Each character, however, has a supply of Magic Points or MP which can be spent to reduce the time that they must invest in a given action. These MP save you one round each. If you spend sufficient MP to reduce an action to one round, it becomes a free action; if you spend enough to reduce its time to 0 rounds, it becomes an "interrupt" (able to preempt even other free actions, and usable even when you don't have a free action available.)

So imagine that you are engaged in a complex Ritual action, occupying 7 rounds. On the second round you use a free action. On the fifth round, you want to use a 5-round Social action, but you can't—you're busy! You spend 4 MP and it's a free action. The very next round you want to do it again, but you don't have a free action available. You spend 5 MP, and use the new action as an interrupt. The very next round, you need to use an ordinary free action; you have to spend one last MP to squeeze it in.

You may spend MP on the action you're currently taking.

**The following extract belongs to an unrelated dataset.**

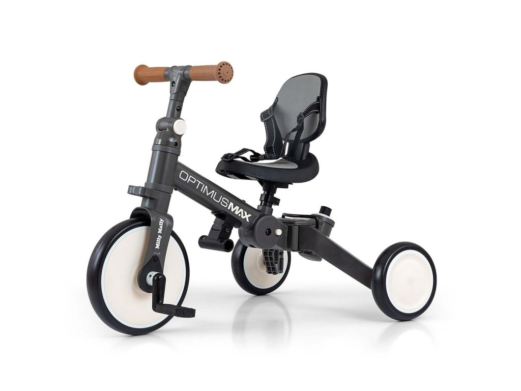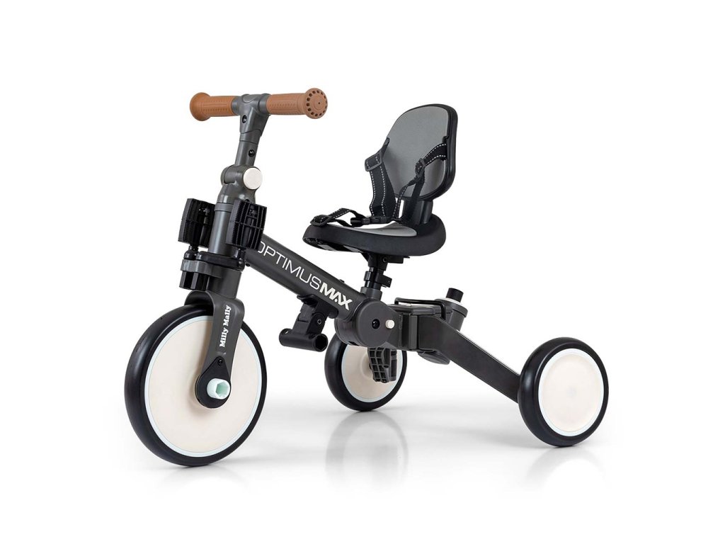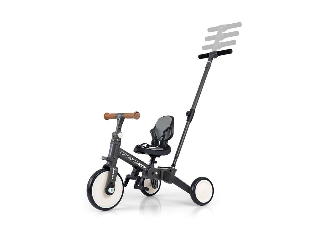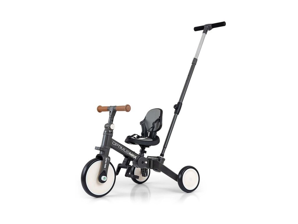 Detská trojkolka 5v1 Milly Mally Optimus Max s vodiacou tyčou dark grey

Thus another way to do this set of actions, above, is to carry out five rounds of the Ritual action. Then spend 4 MP to complete the Social action as a free action and 2 MP to finish the ritual. The next round, you may start a new Social action, and the round after that you use a free action. This saves you 4 MP, but the savings are somewhat illusory: you are, after all, tied up for the next four rounds.

Tuesday, August 25, 2009

Game Rules: Rounds and Actions

Time is measured in rounds. Rounds are abstract but typically represent 4-6 hours in the game world. A typical conflict plays out over several days.

Actions


Actions break down into the following categories:

  • Standard Actions take 3-7 rounds to complete, including:
    • Praxis actions, which usually take 3 rounds;
    • Social actions, which usually take 5 rounds;
    • Magic actions, which usually take 6 rounds; and
    • Ritual actions, which usually take 7 rounds.
  • Free Actions take effect instantly; including:
    • Invoke actions, which are typically instant; and
    • Mist actions, which are able to interrupt other actions. And finally
  • Prompt Actions have characteristics of both—they take effect at the same speed as Invoke or Mist actions, but then leave the character committed for some number of rounds.

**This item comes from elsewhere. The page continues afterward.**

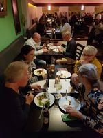 Mit den gefüllten Tellern verlagerten sich die Unterhaltungen an die Tische, und so konnte man nicht nur das leckere Essen genießen (siehe links), sondern sich auch gegenseitig auf den aktuellen Stand bringen, wo man gerade lebt und wie es mit Familie und Beruf so ausschaut. Aus aktuellem Anlass wurden hier und da natürlich auch Putins Krieg gegen die Ukraine und seine Folgen sowie die Corona-Pandemie thematisiert, aber im Wesentlichen ging es doch um uns, alte und neue Geschichten aus unserer gemeinsamen Zeit und dem Leben danach, Anekdoten und Erinnerungen.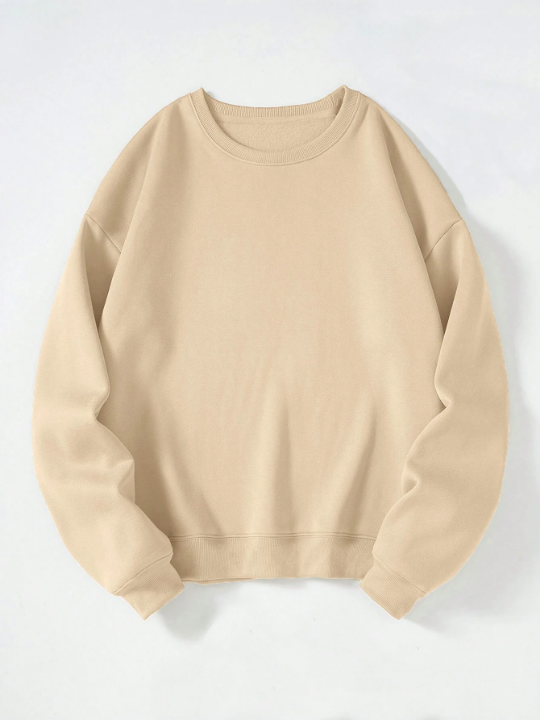 Color: Apricot Style: Casual Type: Pullovers Pattern Type: Plain Neckline: Round Neck Sleeve Length: Long Sleeve Sleeve Type: Drop Shoulder Length: Regular Fit Type: Regular Fit Fabric: Non-Stretch Material: Fabric Composition: 100% Polyester Care Instructions: Machine wash or professional dry clean Temperature: Spring/Fall 18-25℃/63-77℉ Sheer: No

You can take one free action at some point during the execution of a standard action. This is called your "available free action." Three rounds after you use that available free action, it comes back. That means that during a 7-round action, you could use your free action on the first round, then the fourth, then the seventh—or, if that timing doesn't work out for you, on the second and the sixth. If you start another 7-roudn action afterwards, you could take a new free action immediately—the new standard action comes with its own available free action, effectively resetting the three round counter.

If you aren't executing a standard or prompt action, you have a free action available every round.

Monday, August 24, 2009

RFC: Points of Most Interest

This ought to be a Saturday topic, but I wanted to pin the connection and flows bits together. What do people most need to see at this point to make this start to pull together for the readership into a coherent whole? There's a lot more written past the next couple of days of posts, but it's in rougher form, so if there's something that stands out for many people, there's a chance I can polish it up first. Or not, of course, as the whim takes me. ^_^

Saturday, August 22, 2009

Game Rules: Scene Basics: Flows

Flows


The other part of a scene is its flow.

Every meaningful encounter, every important experience, begins with a querulous uncertainty—something is wanted, something is asked, some ambiguous matter arises that must be resolved. There is a question or a challenge: what do I do about this? or can I achieve this? Something is happening; how will it end?

Scenes happen, and people do things within them, because something is unresolved.

The path from the tremulous emergence of a question or challenge into the world, through its flourishing as something fully-realized and pressing, and finally unto its realization, is named a flow. It is a story or a catechism, it is the creation and resolution of a dilemma, it is a koan that answers itself through time. It is something happening.

It may be as simple as: there is a party. What happens in it?

It may be as brutal as: I want to kill him. Do I succeed?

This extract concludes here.